Naar aanleiding van een tussenuitspraak van de Afdeling heeft de raad het plan ‘Retailpark Belvédère’ bij besluit van 9 februari 2021 opnieuw en gewijzigd vastgesteld. In de tussenuitspraak had de Afdeling overwogen dat een aantal planregels met dynamische verwijzingen naar beleidsregels over parkeren en het stedenbouwkundig kader in strijd met de rechtszekerheid dan wel de vereiste zorgvuldigheid waren. Daarnaast waren deze regels ook in strijd met artikel 7c van het Besluit Uitvoering Chw. Naar het oordeel van de Afdeling waren verder wijzigingsbevoegdheden waarin ook naar de beleidsregels was verwezen, onvoldoende objectief in de planregels begrensd.
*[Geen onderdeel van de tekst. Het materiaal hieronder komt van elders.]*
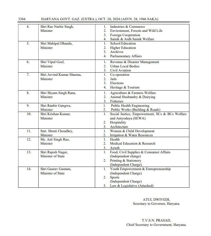 केंद्रीय मंत्री राव इंद्रजीत सिंह के बेटी आरती राव को स्वास्थ्य, राव नरबीर को उद्योग एवं पर्यावरण, अरविंद शर्मा को जेल और किरण चौधरी की बेटी श्रुति चौधरी को महिला एवं बाल विकास विभाग दिया गया है। जबकि कृष्ण लाल पंवार विकास एवं पंचायत और माइन्स, महिपाल ढ़ांढा को एजुकेशन, विपुल गोयल को रेवेन्यू विभाग दिया गया है।
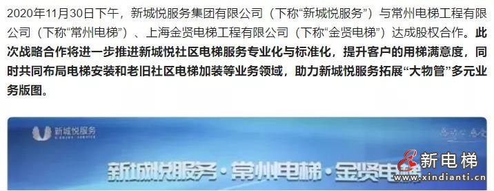 去年11月,新城悅服務(wù)集團(tuán)有限公司與常州電梯工程有限公司、上海金賢電梯工程有限公司達(dá)成股權(quán)合作。公司采取股權(quán)對賭的策略,共同把電梯維保業(yè)務(wù)做大。
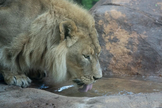 Sư tử cái mọc bờm ở Vườn thú Topeka ở Kansas, Mỹ (
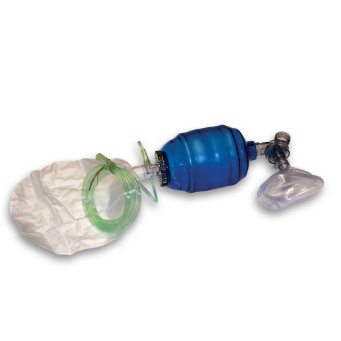 Collapsible, disposable. Comes with detachable reservoir bag, oxygen supply tubing and face mask.
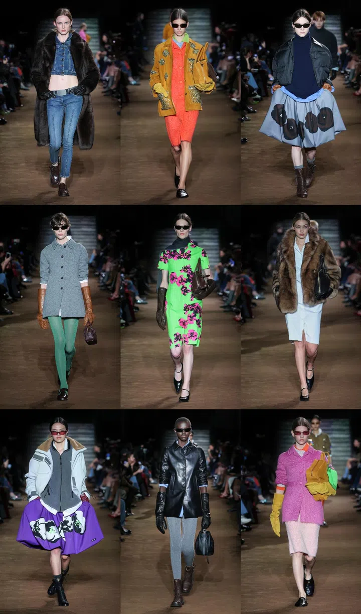 Miu Miu Fall Winter 2024 features exuberant renditions of wardrobe staples from across eras and stages in life – from child-like shrunken cardigans to womanly’ 40s-style sheaths to 2000s-chic low-slung, skinny-fit jeans – evoking questions about history, memory and how we keep them alive.
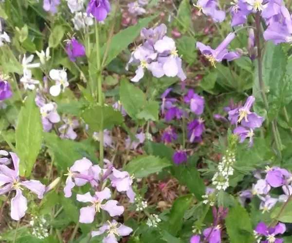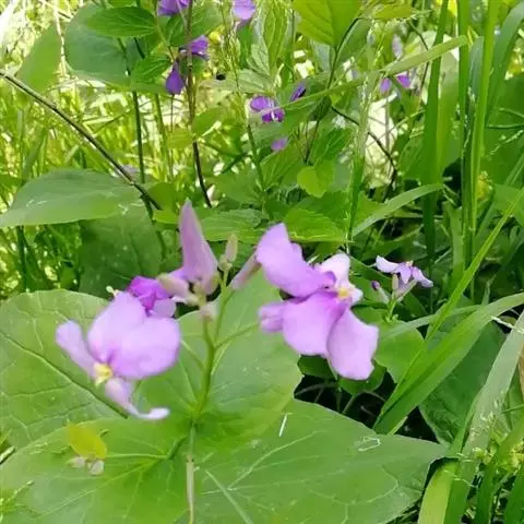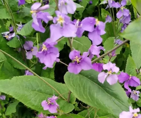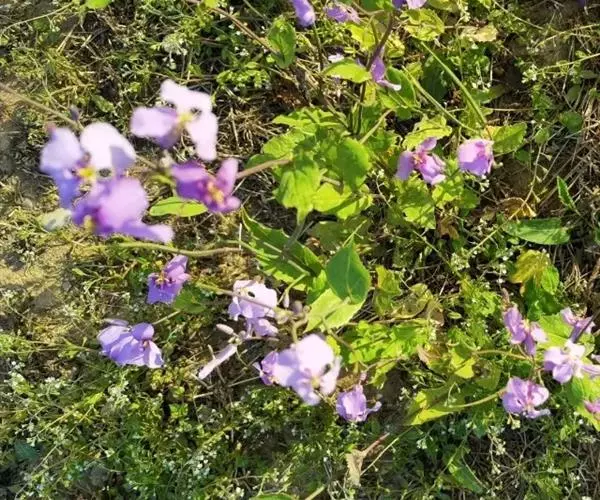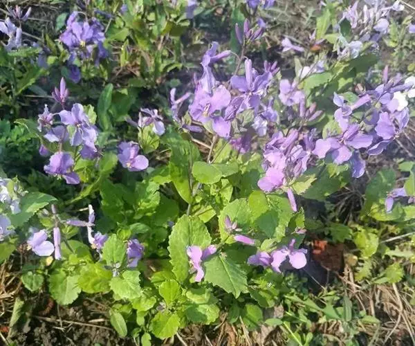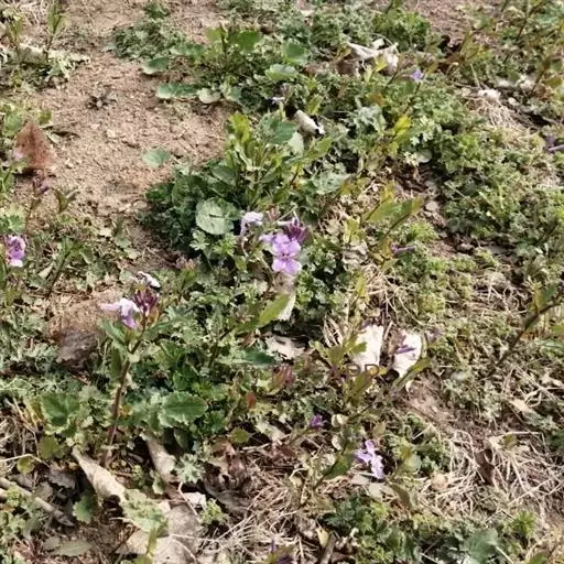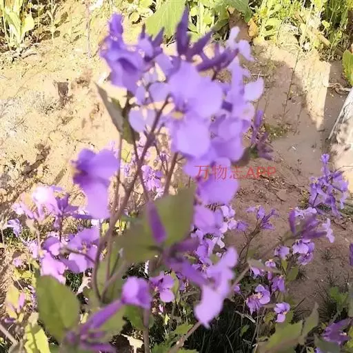 紫色的诸葛菜花 田间管理间苗与补苗:直播苗可在苗高8-10厘米时间苗,株距10-15厘米。移植苗在移栽1周后检查移栽苗成活情况,如有缺苗要及时补栽。
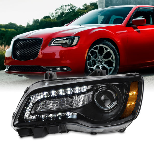 AKKON - Fit 2015-2023 Chrysler 300 Halogen Type Projector Headlight Black Bezel OE Style Driver Left Side
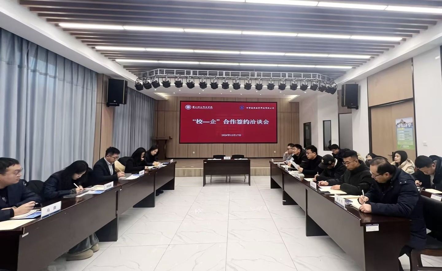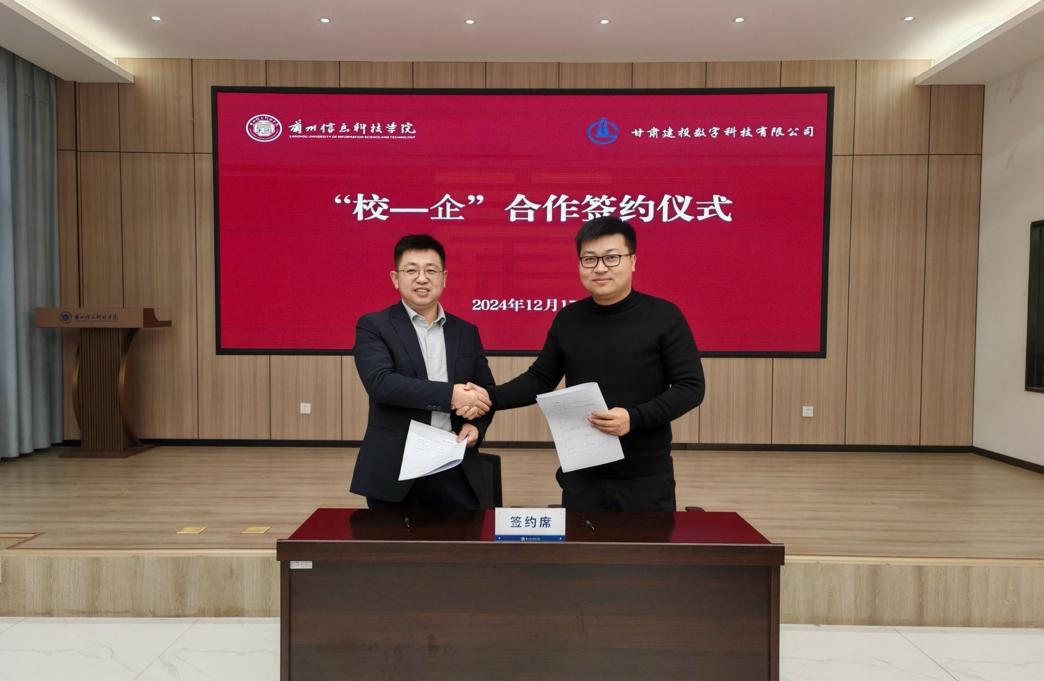 为搭建人岗供需共享平台,实现高质量企业精准对接,12月17日上午,beat365英国官方网站与甘肃建投数字科技有限公司举行“校-企”合作签约洽谈会议。甘肃建投数字科技有限公司董事长田彦龙、beat365英国官方网站校长助理苏存兴出席会议,各二级学院党委书记,各学生发展中心、就业服务中心相关人员及2025届毕业生代表参加。

Bij het opnieuw vaststellen van het plan heeft de raad tegelijkertijd diverse beleidsregels waarnaar in de planregels wordt verwezen opnieuw en gewijzigd vastgesteld. De verbeelding van het gewijzigde plan voorziet onder meer in plandelen met de bestemmingen ‘Detailhandel – PDV+’ en ‘Gemengd – Transformatie’ met de aanduiding ‘bouwvlak’. De planregeling voor deze bestemmingen is neergelegd in artikel 4 en 5 van de planregels. Daarin is bepaald dat wordt gebouwd binnen de op de verbeelding aangegeven bouwvlakken, dat niet wordt gebouwd ter plaatse van de aanduiding onbebouwd en dat wordt voorzien in maximaal 28.500 m² wvo aan detailhandel. Verder zijn in de planregels voor wat betreft de bebouwingsmogelijkheden op de gronden met die bestemmingen open normen als passende maatvoeringsnormen, voldoende stedenbouwkundige kwaliteit en evenwichtige verdeling van de beschikbare winkelvloeroppervlakte opgenomen. Deze open normen zijn vervolgens uitgewerkt in de ‘Beleidsregel stedenbouwkundig kader Retailpark Belvédère, 1e herziening 2021’. Het betreft hier een zogeheten dynamische beleidsregel, die door de raad kan worden gewijzigd. In paragraaf 2.1 van deze beleidsregel zijn de regels per zogenoemd cluster beschreven. In het kader van de maatvoeringsnormen zijn daarin onder meer de toegestane bouw- en goothoogte en het bebouwingspercentage aangegeven. Verder zijn daarin regels geformuleerd voor de ruimtelijke inpassing van de ontwikkeling, waarbij is ingegaan op de oriëntatie van gebouwen, rooilijnen en ontsluiting. Ook is in die beleidsregel per cluster de verdeling van het maximaal beschikbare winkelvloeroppervlak aan detailhandel aangegeven. Tot slot bevat paragraaf 2.2 van de beleidsregel ook regels voor de beoordeling van redelijke eisen van welstand.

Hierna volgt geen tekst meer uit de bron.